▸ INPUT DATA
========
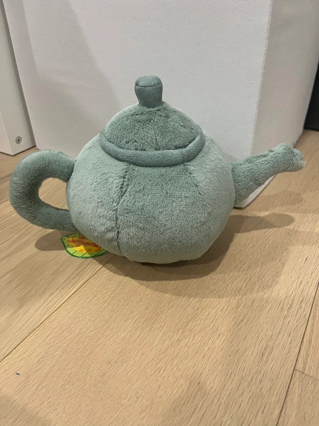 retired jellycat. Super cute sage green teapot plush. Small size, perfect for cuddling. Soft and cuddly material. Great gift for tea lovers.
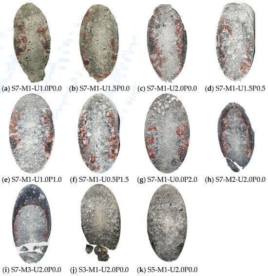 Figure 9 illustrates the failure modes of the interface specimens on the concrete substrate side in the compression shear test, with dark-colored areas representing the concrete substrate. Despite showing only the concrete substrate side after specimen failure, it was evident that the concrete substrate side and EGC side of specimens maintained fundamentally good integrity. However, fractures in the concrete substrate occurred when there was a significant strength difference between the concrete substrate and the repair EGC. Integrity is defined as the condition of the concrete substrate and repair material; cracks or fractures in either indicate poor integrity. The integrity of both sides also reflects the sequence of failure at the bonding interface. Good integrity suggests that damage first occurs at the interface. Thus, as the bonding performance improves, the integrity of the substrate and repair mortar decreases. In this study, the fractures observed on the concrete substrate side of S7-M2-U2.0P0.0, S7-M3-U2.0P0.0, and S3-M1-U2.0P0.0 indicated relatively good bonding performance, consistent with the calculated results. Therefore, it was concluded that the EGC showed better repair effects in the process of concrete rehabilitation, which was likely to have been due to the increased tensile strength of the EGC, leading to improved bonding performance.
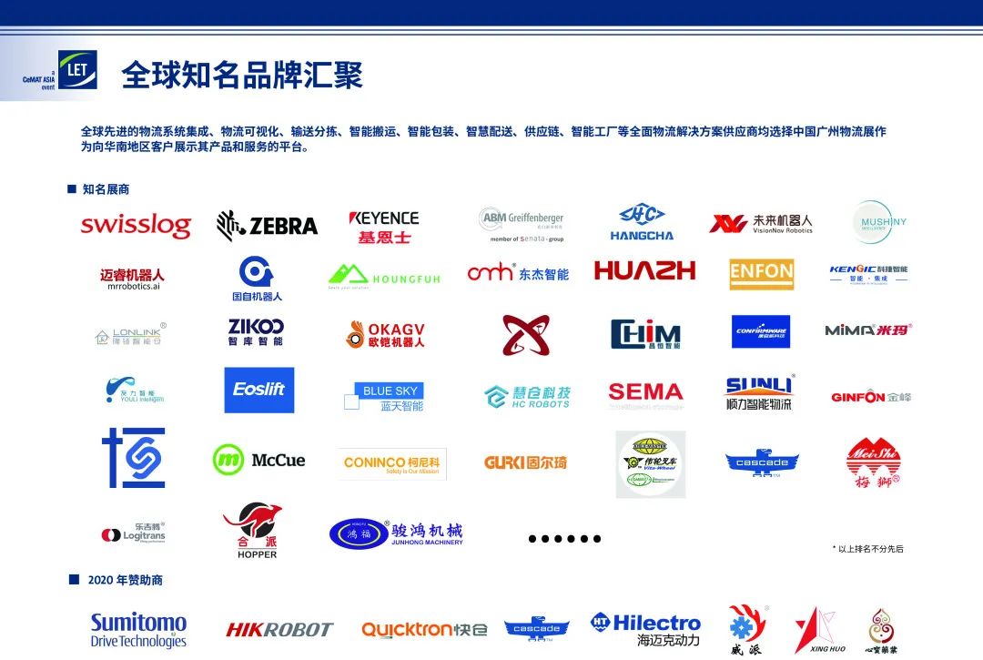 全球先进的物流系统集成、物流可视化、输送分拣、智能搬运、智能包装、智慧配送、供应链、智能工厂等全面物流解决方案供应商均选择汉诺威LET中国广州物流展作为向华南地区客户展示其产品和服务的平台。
========
▸ EXERCISE
In your copy, the listing above should appear word for word, with no images.

▸ TASK OUTPUT
 retired jellycat. Super cute sage green teapot plush. Small size, perfect for cuddling. Soft and cuddly material. Great gift for tea lovers.
 Figure 9 illustrates the failure modes of the interface specimens on the concrete substrate side in the compression shear test, with dark-colored areas representing the concrete substrate. Despite showing only the concrete substrate side after specimen failure, it was evident that the concrete substrate side and EGC side of specimens maintained fundamentally good integrity. However, fractures in the concrete substrate occurred when there was a significant strength difference between the concrete substrate and the repair EGC. Integrity is defined as the condition of the concrete substrate and repair material; cracks or fractures in either indicate poor integrity. The integrity of both sides also reflects the sequence of failure at the bonding interface. Good integrity suggests that damage first occurs at the interface. Thus, as the bonding performance improves, the integrity of the substrate and repair mortar decreases. In this study, the fractures observed on the concrete substrate side of S7-M2-U2.0P0.0, S7-M3-U2.0P0.0, and S3-M1-U2.0P0.0 indicated relatively good bonding performance, consistent with the calculated results. Therefore, it was concluded that the EGC showed better repair effects in the process of concrete rehabilitation, which was likely to have been due to the increased tensile strength of the EGC, leading to improved bonding performance.
 全球先进的物流系统集成、物流可视化、输送分拣、智能搬运、智能包装、智慧配送、供应链、智能工厂等全面物流解决方案供应商均选择汉诺威LET中国广州物流展作为向华南地区客户展示其产品和服务的平台。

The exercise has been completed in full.